Electrospinning has been used recently in an effort to mimic an extracellular matrix (ECM) architecture that is largely composed of 100–500 nm fiber bundles of proteins and glycans. This technique allow to produce nanofibrous structures in a fast and highly controllable fashion, permitting and directing cells to proliferate and differentiate into multiple lineages.7, 44, 45 Submicron silicate BG fibers have been produced and tested for mechanical properties by nanoindentation, and results showed a relatively high elastic modulus value (5.5 GPa), fairly close to that of trabecular bone.46 Hollow mesoporous BG fibers were fabricated using a polymer phase as core material easily burnt-out during stabilization to leave nets of pure BG.47, 48 45S5 BG nanofibers were also produced using a laser spinning technology, avoiding the necessity of post heat treatment or chemical additives while preserving bioactivity in simulated body fluid.49
In addition to the use of 3-D scaffolds, the possibility of using granules or particles to fill and repair small defects in a rapid and controllable way has been thoroughly investigated by orthopedic surgeons and dentists. Released in 1993 for the repair of jaw defects in periodontal diseases, Perioglass® (now sold by NovaBone Products LCC, Alachua, FL) was the first microparticulate 45S5 BG product to avoid the resorption of alveolar bone in the jaw after tooth removal or to sterilize the root canal before anchoring the new implants.29 In recent years, significant efforts have been directed toward the investigation of BG NPs produced primarily by flame synthesis or a sol-gel process. The goal is to exploit their extremely high surface-area-to-volume ratio, which is a consequence of their nanoscale structure.2 45S5 BG NPs with a mean particle size in the range of 20–60 nm have demonstrated high osteoblastic activity and very rapid transformation (after 1 day) of BG to nanocrystalline HCA.50 Silicate BG NPs with different mean particle size (40–2000 nm) preserve a stable silicon release and allow attachment and proliferation of MSCs, with 40–800 nm and 40–180 nm NPs showing the highest apatite-forming ability and the best cell-proliferation rate, respectively.51 BG NPs and their ionic products have been also proposed for the regeneration of cementum.52 Interestingly, BG NPs can also be used as nano-building blocks for the fabrication of hierarchically assembled macrostructures, having both pristine bioactivity properties and a very high level of porosity.53
Commercially available from 2004, the 45S5 BG particulate NovaMin® (now sold by GlaxoSmithKline, UK) was the first BG product used in toothpaste for the treatment of dentin hypersensitivity. Unlike other toothpastes containing chemicals that temporarily anesthetize nerve endings to prevent pain, these NPs can adhere to the dentin. Clinical studies54 report that they induce the formation of an HCA layer that occludes the dentinal tubules (≈1 μm in diameter), leading to dentin re-mineralization and pain relief for longer periods. Pursuing same goal, researchers have successfully produced silicate MBG 40 nm-sized particles for treatment of dentin hypersensitivity, with results demonstrating a significant reduction in dentin permeability.55 In addition, as we will discuss in the last part of this review, small drugs and growth factors can be loaded into BG particles and delivered into cells upon NP cell uptake.
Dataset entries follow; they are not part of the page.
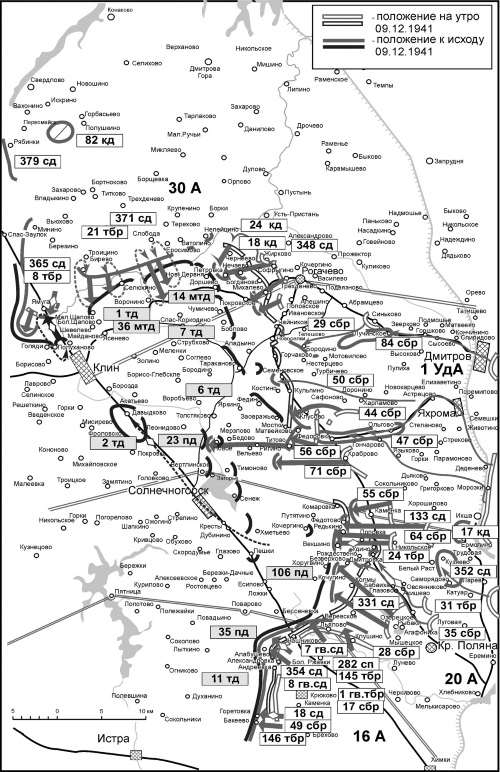 «Группа Ремизова овладела районом Клушино и развивала наступление на Веревское; 7 гв. сд овладела районом Никольское; 354 сд, отразив контратаку пехоты и танков противника из района Александровка, к 13.00 9.12 овладела районом Алабушево – Чашниково; 8 гв. сд с 17 сбр и 1 гв. тбр овладели районом Александровка – Андреевка и частью сил укрепляли позиции в районе Крюково Каменка; 18 сд с 49 сбр и 146 тбр внезапной атакой овладели районом Горетовка – Бакеево – свх. «Общественник». К исходу 9.12 дивизия овладела районом Дедово – Хованское; 9 гв. сд с 40, 36 сбр и 17 тбр, сломив сопротивление противника, овладели районом Снигири – Рождествено и развивали наступление на район Трухоловка – Жевнево» [799].
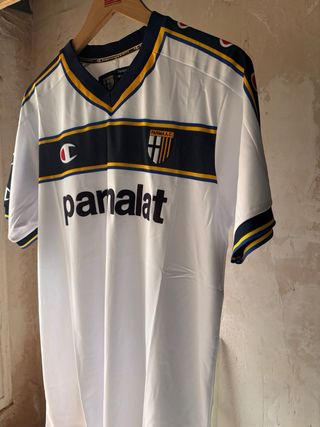 Camiseta de fútbol del Parma Calcio 1913 de la temporada 2002/2003. - Diseño clásico con detalles en azul y amarillo. - Logo de Parmalat en el frontal. - Escudo del club en la manga.
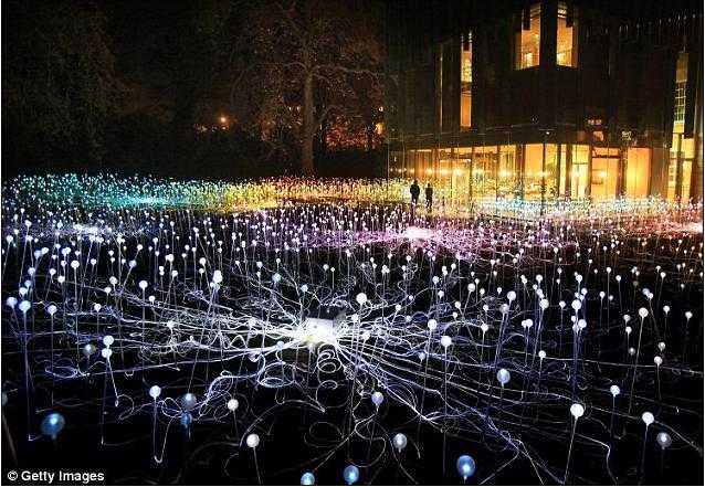 Expozitia cuprinde un labirint de 5.000 de becuri „plantate” in gradina muzeului. Ideea i-a venit artistului acum 20 de ani, in timp ce se afla intr-o calatorie in Australia. El a fost impresionat de cum se poate transforma destertul dupa ploaie.
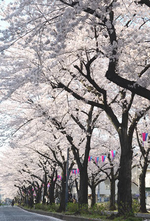 別所沼から武蔵浦和駅まで続く遊歩道には桜並木が続いている。
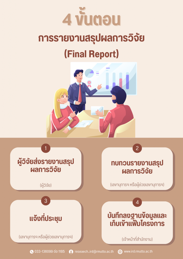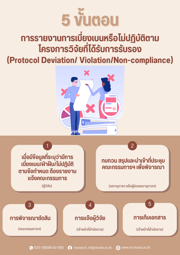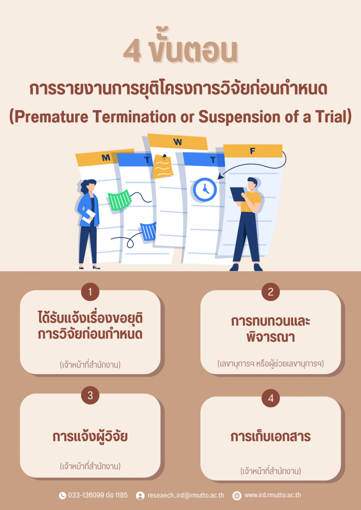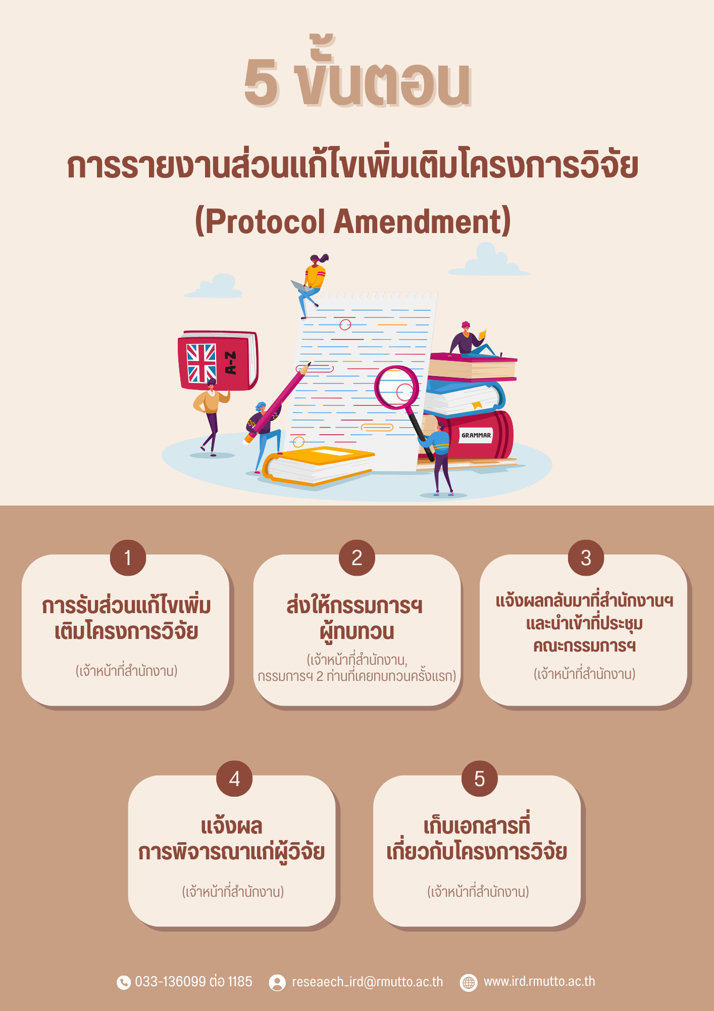 ขั้นตอนการยื่นขอรับรองจริยธรรมการวิจัยในมนุษย์ ขั้นตอนการรายงานส่วนแก้ไขเพิ่มเติมโครงการวิจัย ขั้นตอนรายงานความก้าวหน้าการวิจัยและขอต่ออายุการรับรองโครงการ ขั้นตอนการรายงานการเบี่ยงเบนหรือไม่ปฏิบัติตามโครงการวิจัยที่ได้รับการรับรอง ขั้นตอนการรายงานความปลอดภัย ขั้นตอนการรายงานสรุปผลการวิจัย ขั้นตอนการรายงานการยุติโครงการวิจัยก่อนกำหนด ขั้นตอนการรายงานเรื่องร้องเรียนเกี่ยวกับโครงการ

BG polymer nanocomposite materials
BG polymer nanocomposites are a relatively new class of bioactive materials that combine BG’s important mechanical properties and bioactivity with a polymer’s great flexibility and capacity to deform under loads. These traits are suitable primarily for applications as orthopedic 3-D scaffolds or as bone-filler materials.33
Using type I collagen (COL) as an adhesive ECM-mimicking component and phosphatidylserine (PS) as a material with high affinity to calcium ions, highly porous BG-COL-PS structures were fabricated by freeze-drying technique and tested in vitro and in vivo.56 In rat-MSC culture studies, these three-phase scaffolds exhibited higher cell attachment, growth, and osteogenic differentiation compared with two-phase BG-COL scaffolds; and they showed the highest degree of healing when loaded with MSCs in rat femur defect model. In addition, a combination of COL and BG, in the form of NPs, was studied as an implantable, mineralizable cell-seeded hydrogel scaffold in which both the nanofibrillar COL structure and BG bioactivity were preserved.57 A sol-gel BG composition also can be electrospun and hybridized with COL to produce a nanofibrous composite matrix demonstrating excellent bioactivity in vitro and high ALP upon osteoblastic cells culturing.58 MBG NPs can first be integrated in a polymer solution (polycaprolactone, PCL) and subsequently electrospun, leading to a nanofibrillar structure more bioactive than the PCL matrix in terms of cell attachment, growth, and differentiation in vitro.59 Three-dimensional poly (D,L lactide) scaffolds, filled with micron- and nano-sized particles and showing very high porosity (81–93%) and mechanical strength values (0.4-1.6 MPa) — all in the range of trabecular bone — have been tested successfully in vivo:60 well-infiltrated scaffolds with newly formed tissue show higher vascularization than PDLLA scaffolds, proving the osteogenic and angiogenic properties of the BG component.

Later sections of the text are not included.